Notre saison de colza 2016-2017

Pour cette campagne, nous disposions de deux parcelles pour implanter du colza. Précédemment occupée par de l’orge d’hiver, cette surface totale d’environ 4,5 hectares a été intégralement conduite de la même façon.

Après épandages de 20 à 25 tonnes de fumier par hectare suivi de deux déchaumages superficiels en interculture, nous avons labouré puis préparé le sol pour implanter nos semences le 22 août, date généralement considérée comme étant assez précoce pour la réalisation de tels travaux.

Semer des hybrides ou une variété pure?

Il existe deux types de variétés : les hybrides, qui représentent au moins 80% des semences de colza utilisées dans notre région, et les variétés dites « lignées pures » issues de deux parents comportant les mêmes caractéristiques.

Pour ce qui nous concerne, nous avons choisi d’implanter une variété lignée, de chez Momont, semencier local installé dans le Pévèle.

Cette variété inscrite sous le nom Butterfly possède des qualités essentielles qui correspondent parfaitement aux méthodes intégrées que nous pratiquons. Elle offre notamment des qualités de résistance aux maladies et elle est surtout peu sensible à la verse et à l’élongation, avec un potentiel de rendement satisfaisant.

En outre, nous avons simultanément implanté des plantes légumineuses (féveroles et lentilles) dont l’intérêt est multiple : travail des sols par les racines et enrichissement par l’apport d’azote, occupation du terrain pour limiter le salissement des parcelles et piégeage des insectes ravageurs (ngon prouvé scientifiquement).

champ de colza le 29 octobre 2017

Champ de colza le 29 octobre 2017

Ces plantes gélives ont été naturellement détruites par le gel hivernal et ont donc accompagné le colza lors de la phase automnale de son cycle.

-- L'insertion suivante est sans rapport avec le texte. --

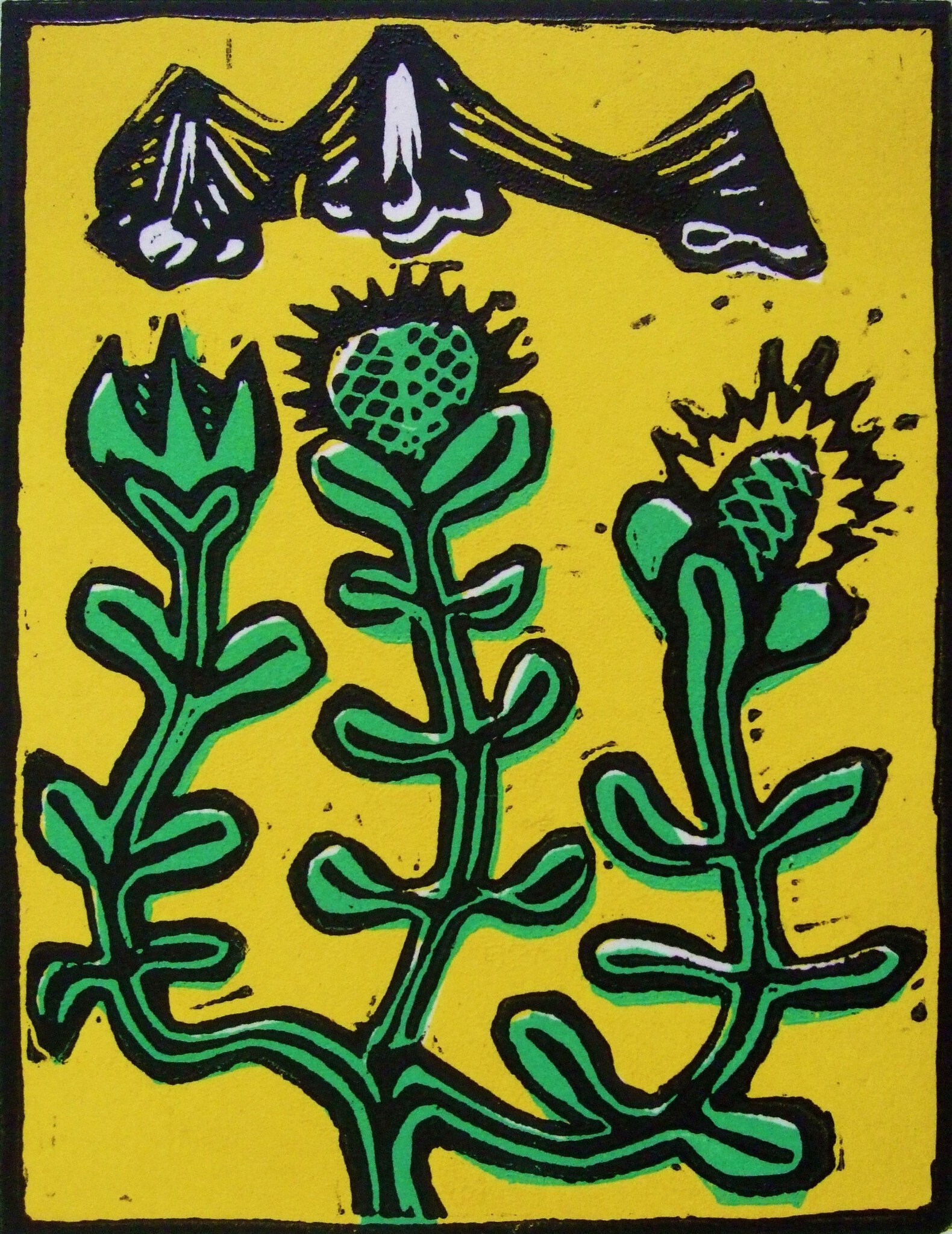 Prentje cadeau (kleine meer-kleuren linosnede, met passe-partout in aluminium of eikenhouten lijstje, formaat A4) € 125,-- inclusief verzendkosten Voorbeelden te zien bij de informatie pagina’s

Par leur dégradation à la sortie d’hiver et au printemps, elles lui ont alors apporté des nutriments permettant ainsi de diminuer les apports d’engrais d’environ 20 à 25%.

En début de cycle, jusqu’au stade 3-4 feuilles, le colza est particulièrement sensible aux limaces mais le labour (en les dérangeant) et les conditions climatiques particulièrement sèches du début du mois de septembre 2016 ont été salutaires. Concernant les altises, autres insectes nuisibles jusqu’au même stade (3-4 feuilles), leurs vols ont été plus tardifs, et l’avancée des dates de semis permettant une croissance rapide du colza en début de cycle les a rendu inoffensifs.

Le caractère peu sensible à la verse et à l’élongation de la variété implantée nous a permis d’avancer les dates de semis aux alentours du 20 août sans crainte. En effet, on aurait pu redouter un allongement trop important du collet avant l’hiver qui aurait justifié l’application de produits pour réguler la croissance. Il n’en a rien été et, comme prévu, la croissance s’est freinée d’elle-même au stade 6-8 feuilles.

Cette variété a été mélangée à 5% d’Alicia, une variété très précoce destinée à piéger les méligètes au printemps. Ces insectes pollinisateurs abîment les boutons floraux et s’opposent par conséquent à leur bonne évolution en fleurs induisant une diminution de la productivité. L’objectif est atteint si l’Alicia est en fleur (plus attractive pour les insectes) en même temps que la variété principale est en bouton (stade de sensibilité). De cette façon, les boutons floraux pourront évoluer dans de bonnes conditions et on évitera ainsi le recours à des produits insecticides pour éliminer ces ravageurs dont on aurait ensuite apprécié le travail de pollinisation au stade floraison de la variété principale. Pour résumer, les méligètes ravageurs au stade bouton deviennent intéressants en tant que pollinisateurs au stade floraison. Par conséquent, il paraît contradictoire de les éliminer par l’application d’insecticides comme pratiqué régulièrement en agriculture conventionnelle.

Afin de limiter le salissement des parcelles, nous avons procédé à un désherbage chimique juste après le semi, mais avec une réduction d’environ 30% des doses préconisées.

Concernant la prévention des maladies, les conditions climatiques particulièrement sèches et douces du printemps 2017 ont permis de limiter notre intervention à un passage avec une demi dose par rapport à celle recommandée.

En conclusion, pour notre première expérience de culture de colza en intégré, nous pouvons considérer avoir atteint notre objectif en supprimant tous les insecticides généralement employés et en ayant diminué de façon significative tous les autres intrants pour obtenir un rendement tout à fait honorable et un produit nettement plus sain que si on avait utilisé des techniques conventionnelles. Il semblerait que nos choix stratégiques associés aux conditions climatiques particulièrement favorables constituent les principales explications de ce succès.